Dataset content below:

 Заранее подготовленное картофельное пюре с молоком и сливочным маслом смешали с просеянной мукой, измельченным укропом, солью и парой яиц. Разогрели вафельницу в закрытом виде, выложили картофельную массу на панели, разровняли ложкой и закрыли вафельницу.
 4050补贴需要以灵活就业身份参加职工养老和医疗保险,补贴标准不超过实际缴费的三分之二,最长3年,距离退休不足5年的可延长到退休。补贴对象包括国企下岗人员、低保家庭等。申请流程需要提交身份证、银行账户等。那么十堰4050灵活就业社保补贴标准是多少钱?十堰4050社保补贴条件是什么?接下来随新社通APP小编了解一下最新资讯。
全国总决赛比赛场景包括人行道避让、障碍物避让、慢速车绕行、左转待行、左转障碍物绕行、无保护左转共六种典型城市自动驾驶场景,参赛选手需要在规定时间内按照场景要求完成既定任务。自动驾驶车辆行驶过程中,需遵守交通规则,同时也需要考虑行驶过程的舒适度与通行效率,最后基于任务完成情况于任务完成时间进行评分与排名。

End of Dataset content.

Reproduce every line of the data verbatim.

 Заранее подготовленное картофельное пюре с молоком и сливочным маслом смешали с просеянной мукой, измельченным укропом, солью и парой яиц. Разогрели вафельницу в закрытом виде, выложили картофельную массу на панели, разровняли ложкой и закрыли вафельницу.
 4050补贴需要以灵活就业身份参加职工养老和医疗保险,补贴标准不超过实际缴费的三分之二,最长3年,距离退休不足5年的可延长到退休。补贴对象包括国企下岗人员、低保家庭等。申请流程需要提交身份证、银行账户等。那么十堰4050灵活就业社保补贴标准是多少钱?十堰4050社保补贴条件是什么?接下来随新社通APP小编了解一下最新资讯。
全国总决赛比赛场景包括人行道避让、障碍物避让、慢速车绕行、左转待行、左转障碍物绕行、无保护左转共六种典型城市自动驾驶场景,参赛选手需要在规定时间内按照场景要求完成既定任务。自动驾驶车辆行驶过程中,需遵守交通规则,同时也需要考虑行驶过程的舒适度与通行效率,最后基于任务完成情况于任务完成时间进行评分与排名。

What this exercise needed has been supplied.